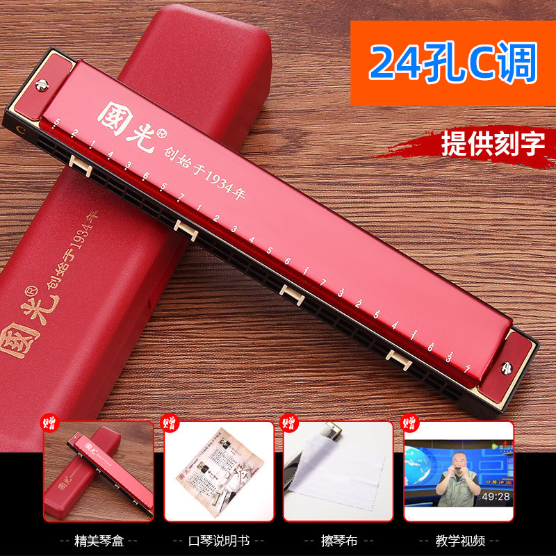 Shanghai Guoguang harmonica 24-hole polyphonic accent non-toxic children students adult beginners playing musical instruments
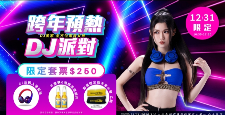 2026台北新車暨新能源車大展將於12月31日推出一日限定「跨年 DJ 派對」限定活動,打造全台唯一看車展、拿好禮、嗨跨年的盛大跨年新體驗!今年主辦單位首度與電音女神合作「DJ美家」,限量推出的「跨年 DJ 派對限定活動票」,只要250元(不包含車展入場票)即可擁有跨年DJ派對活動參與資格,並可獲得一份指定活動限定禮品。車展現場打造沉浸式舞台,讓觀眾在閃耀車款與震撼電音中一起暖身開跑、一路嗨到跨年倒數現場,提前引爆2026年的第一波狂歡熱潮,詳情請上官網查詢。
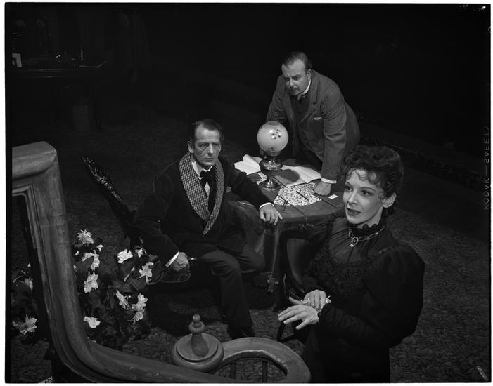 [Signe Hasso, Michael Shepley and Robert Harris in "Edwina Black".]
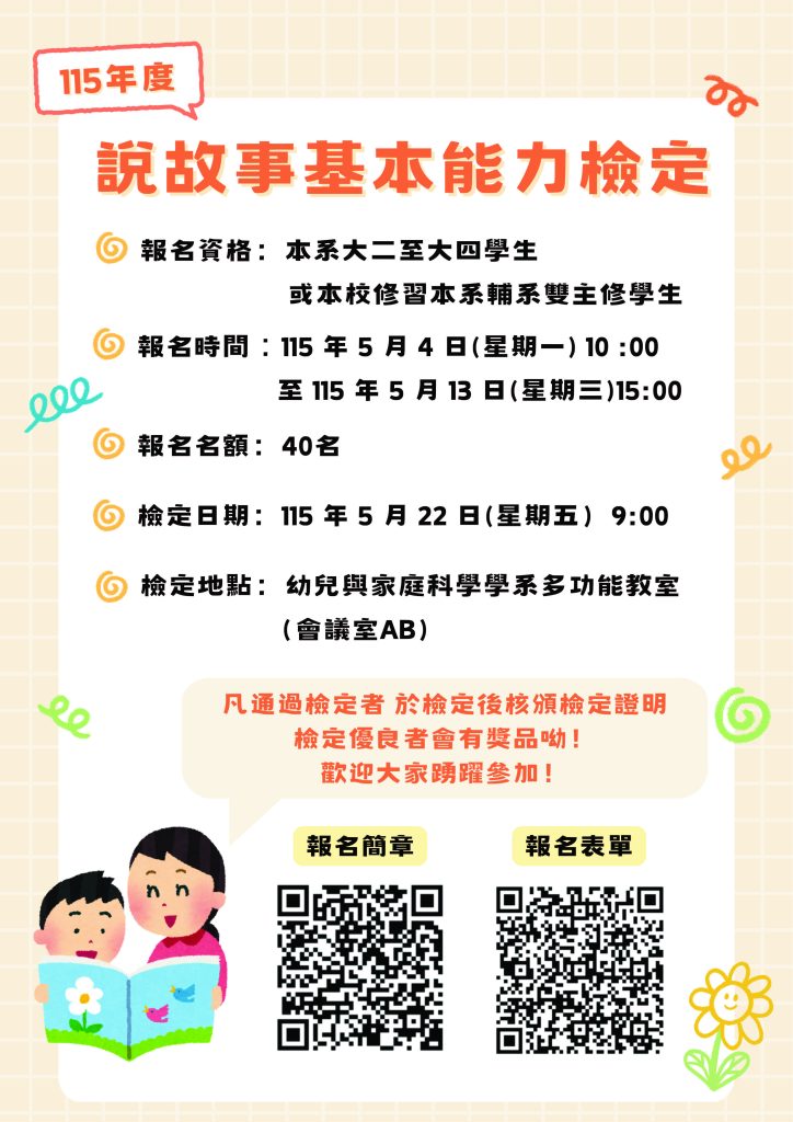 國立臺灣師範大學幼兒與家庭科學學系115年度「說故事基本能力檢定」報名簡章公告,請踴躍報名參加
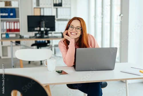 woman, office, laptop, businesswoman, workplace, computer, seated, 20s, redhead, 20s, young, person, professional, men at work, high key, employee, desk, friendly, greeting, secretary, smiling, approachable, executive, business, corporate, attentive, eye contact, adult, female, job, people, sitting, technology, work
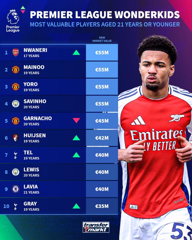 3月19日訊 德國轉(zhuǎn)會市場更新了英超U21球員的最新身價,并列出身價榜單,恩瓦內(nèi)里、梅努、約羅、薩維尼奧5500萬歐并列居首。
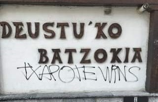 En este caso, en la fachada del ‘batzoki’ -local frecuentado por militantes y simpatizantes del PNV- de Deusto se puede leer en una pintada en negro "Txapote wins" (Txapote gana). El PNV de Bilbao ha denunciado estos hechos y ha asegurado que "no hay razón y no hay excusa" para este tipo de acciones. "Basta ya", ha reclamado.
::::
Repeat word for word the lines above, from the first entry through the line containing "3月19日訊 德國轉(zhu", with both ends kept and the pictures dropped.

*RESPONSE AREA*
 Shanghai Guoguang harmonica 24-hole polyphonic accent non-toxic children students adult beginners playing musical instruments
 2026台北新車暨新能源車大展將於12月31日推出一日限定「跨年 DJ 派對」限定活動,打造全台唯一看車展、拿好禮、嗨跨年的盛大跨年新體驗!今年主辦單位首度與電音女神合作「DJ美家」,限量推出的「跨年 DJ 派對限定活動票」,只要250元(不包含車展入場票)即可擁有跨年DJ派對活動參與資格,並可獲得一份指定活動限定禮品。車展現場打造沉浸式舞台,讓觀眾在閃耀車款與震撼電音中一起暖身開跑、一路嗨到跨年倒數現場,提前引爆2026年的第一波狂歡熱潮,詳情請上官網查詢。
 [Signe Hasso, Michael Shepley and Robert Harris in "Edwina Black".]
 國立臺灣師範大學幼兒與家庭科學學系115年度「說故事基本能力檢定」報名簡章公告,請踴躍報名參加
 woman, office, laptop, businesswoman, workplace, computer, seated, 20s, redhead, 20s, young, person, professional, men at work, high key, employee, desk, friendly, greeting, secretary, smiling, approachable, executive, business, corporate, attentive, eye contact, adult, female, job, people, sitting, technology, work
 3月19日訊 德國轉(zhuǎn)會市場更新了英超U21球員的最新身價,并列出身價榜單,恩瓦內(nèi)里、梅努、約羅、薩維尼奧5500萬歐并列居首。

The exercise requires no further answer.